I hang the tea-towel on the rack and face him. My father is old, but not foolish; he knows we have to draw the line somewhere.

‘You’re right,’ he concedes at last. ‘Those deals you mentioned, the ones Hugh turned up?’ Here it comes, what I’ve been waiting for: those deals, as he knows, might be lethal. ‘Were they’ — he searches for the appropriately guarded phrase - ‘were they of any real size?’ What he wants to know, and can’t bring himself to ask, is whether Carlton Brothers is set to go the way of Barings. After so many generations of prosperity, is one torpedo going to send us down? The weight of this possibility is actually bowing his shoulders.
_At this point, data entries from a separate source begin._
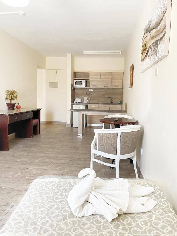 Barul de la piscină servește băuturi, gustări și inghețată. Micul dejun englezesc complet, pranzul și cina, inclusiv preparate cipriote, sunt servite in restaurant. Oaspeții se pot bucura, de asemenea, de o cină tip bufet in jurul piscinei. Inchirierea de mașini poate fi aranjată la hotel, iar recepția este deschisă nonstop.
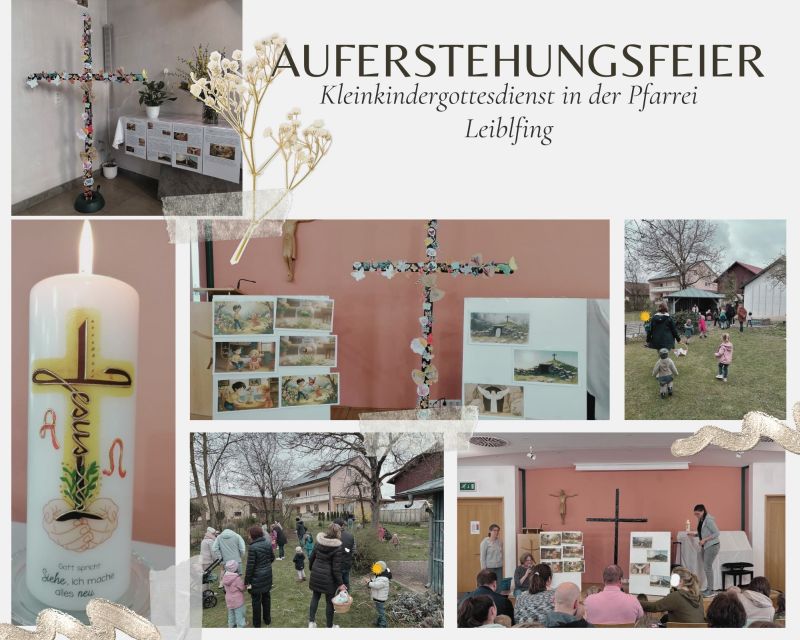 Am Samstag versammelten sich rund 50 Kinder mit ihren Eltern und Großeltern zum Kleinkindergottesdienst im Pfarrheim in Leiblfing. Im Mittelpunkt des Gottesdienstes stand die Geschichte „Mia, Theo und die Osterraupe“. Gemeinsam begleiteten die Kinder Mia und Theo, die eine kleine Raupe fanden. Sie beobachteten, wie sich die Raupe in einen Kokon verwandelte und schließlich als wunderschöner Schmetterling wieder hervorkam. Staunend entdeckten die Kinder, dass aus etwas scheinbar Totem neues Leben entstehen kann.
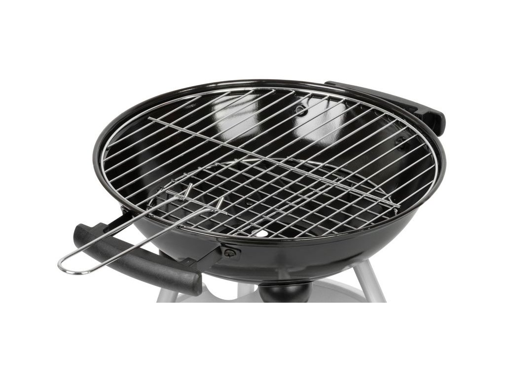 Robustná kovová konštrukcia zaručuje stabilitu a dlhú životnosť grilu. Nastaviteľná výška roštu umožňuje jednoduchú reguláciu teploty pri príprave jedla. Praktická odkladacia polička poskytuje priestor na grilovacie pomôcky alebo suroviny.

‘They’re not that big. And they’re not hidden trades, they’re just losses we shouldn’t have taken. We can ride it out.’

‘How big?’

‘We can’t be sure.’ He doesn’t accept that. He watches me and waits. ‘Probably less than ten million,’ I say.

‘Dollars?’

‘Pounds.’

He sinks back into his chair and closes his eyes. Relief. The financial loss would have hurt, no doubt, but the shame could have finished him.

‘That’s only a guess,’I warn him quickly. ‘And the size of the loss won’t stop Penfield from barging in on Friday. We’re not out of the woods yet. Not by a long way.’

He puts his elbows on the table. ‘Ten,’ he murmurs.

I go out to the drinks cabinet and pour two whiskies. When I return to the kitchen he hasn’t moved, he’s still seated at the table, one hand to his forehead. He takes his drink gratefully and we sit in silence awhile. He looks like my grandfather. He never used to, but age has chiselled out the deep family lines. To divert his thoughts, I tell him about our progress with Parnells, but it takes some minutes before he finally seems to listen. Gradually the shock of relief passes.

When I mention that Vance is sending Haywood out with the Heythrop, he cocks his head, the first sign of any interest he’s shown. It seems I have reminded him of something.

‘The meet on Saturday down at Boddington. I hope you’re not going to cry off on me Raef.’

‘I’ll be there.’

‘Good. Don’t let Theresa back out either.’

Saturday with Theresa at Boddington. I have a big decision to make. But not now. With a twinge of guilt, I push it to the back of my mind.

He seems to have recovered himself, so after a minute we rise and go out to the drawing room where he puts on a record. My mother was an avid collector, classical and jazz, but I doubt if he has added even one LP to her collection, and he certainly hasn’t moved on to CDs. I should be at home making a few late calls, but I sense that he wants me to stay; a short while at least.